Bayern ist Meister – und BVB kämpft mit vier Verletzten

Am 20. April 2026 stand es fest: Der FC Bayern München ist Deutscher Meister 2025/26, nachdem er VfB Stuttgart mit 4:2 bezwungen hatte. Borussia Dortmund liegt zum selben Zeitpunkt mit 64 Punkten aus 30 Spielen auf Platz zwei – 15 Punkte hinter dem Titelträger. Die Saison ist sportlich entschieden, doch der BVB kämpft gleichzeitig gegen eine Verletzungsserie, die das Saisonfinale massiv beeinflusst.

Vier Spieler fehlen aktuell verletzungsbedingt: Niklas Süle (Abwehr), Karim Adeyemi (Flügel), Julien Duranville (Angriff) und Giovanni Reyna (Mittelfeld).

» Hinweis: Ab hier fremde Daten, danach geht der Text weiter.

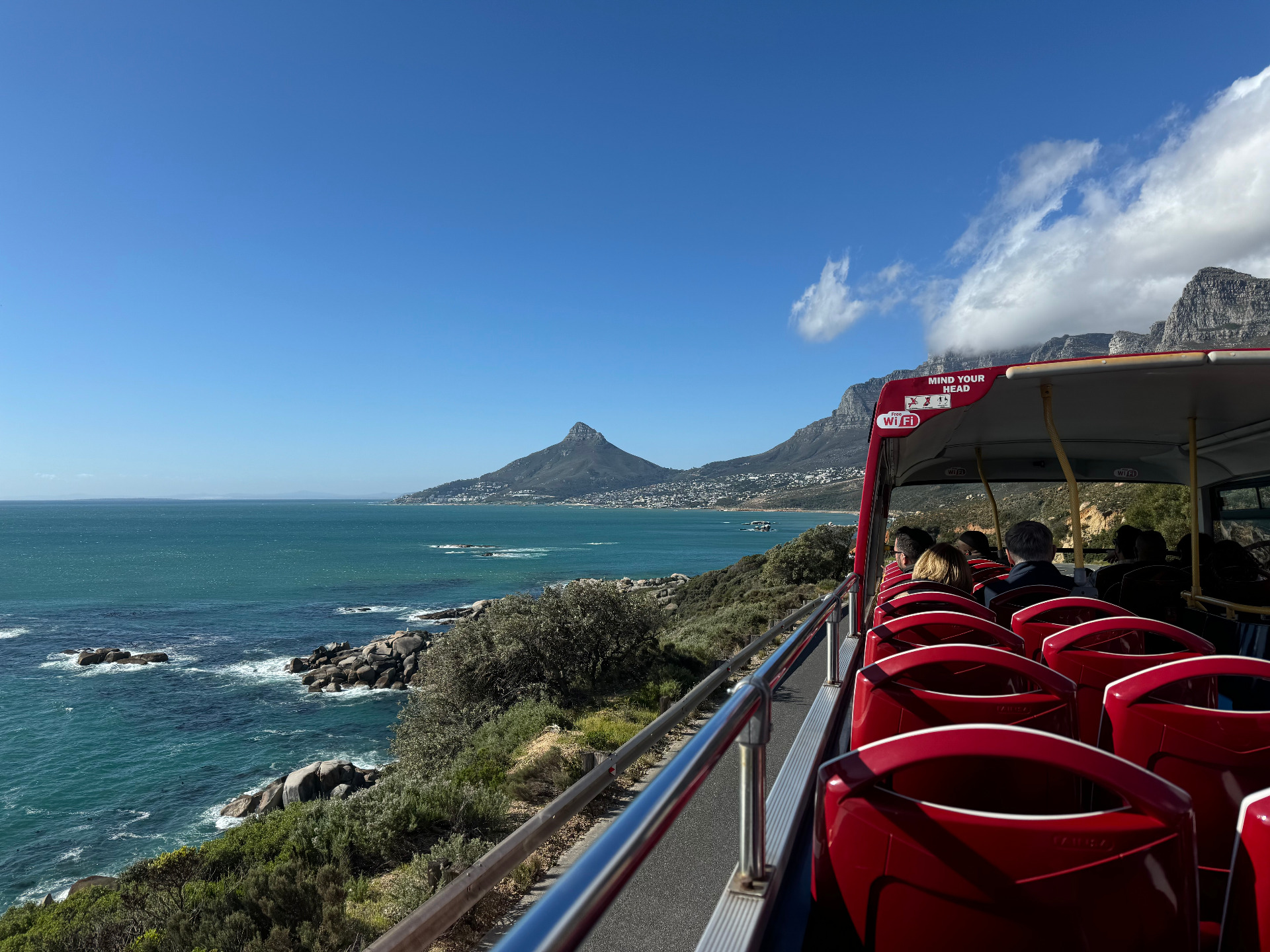Vanaf ons appartement in de Gardens het stukje wandelen afgevinkt. Via Kloof Street door naar Loop Street en hier door het stadscentrum heen gewandeld. Om vervolgens uit te komen bij de hop on, hop off bus. Super toeristisch, maar wel een handige manier om de omgeving van Kaapstad te verkennen. Voorzien van oortjes om ons te voorzien van alle info, lekker de hele dag uitgewaaid boven in de bus.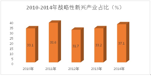 3、战略性新兴产业快速发展。以轨道交通装备、新一代信息技术、生物医药为代表的战略性新兴产业快速发展。2014年,七大战略性新兴产业实现增加值356.86亿元,占规模工业增加值的比重为37.1%,比2010年提高4个百分点。今年1-9月,全市轨道交通装备业实现增加值127.3亿元,增长9.3%,高于规模工业增幅1.4个百分点;计算机、通讯和其他电子设备制造业实现增加值54.1亿元,增长9.3%,高于规模工业增幅1.4个百分点。

Beim Auswärtsspiel in Hoffenheim am 18. April erlitt Süle eine neuerliche Verletzung – eine besonders bittere Nachricht, da sein Vertrag ausläuft und dieser Ausfall seinen Abschied auf dem Platz gefährdet.

Vier Ausfälle, ein Muster – was Profiverletzungen über den Körper verraten

Die gleichzeitigen Ausfälle bei BVB werfen eine Frage auf, die weit über den Fußball hinausgeht: Warum häufen sich Muskelverletzungen in der entscheidenden Saisonphase?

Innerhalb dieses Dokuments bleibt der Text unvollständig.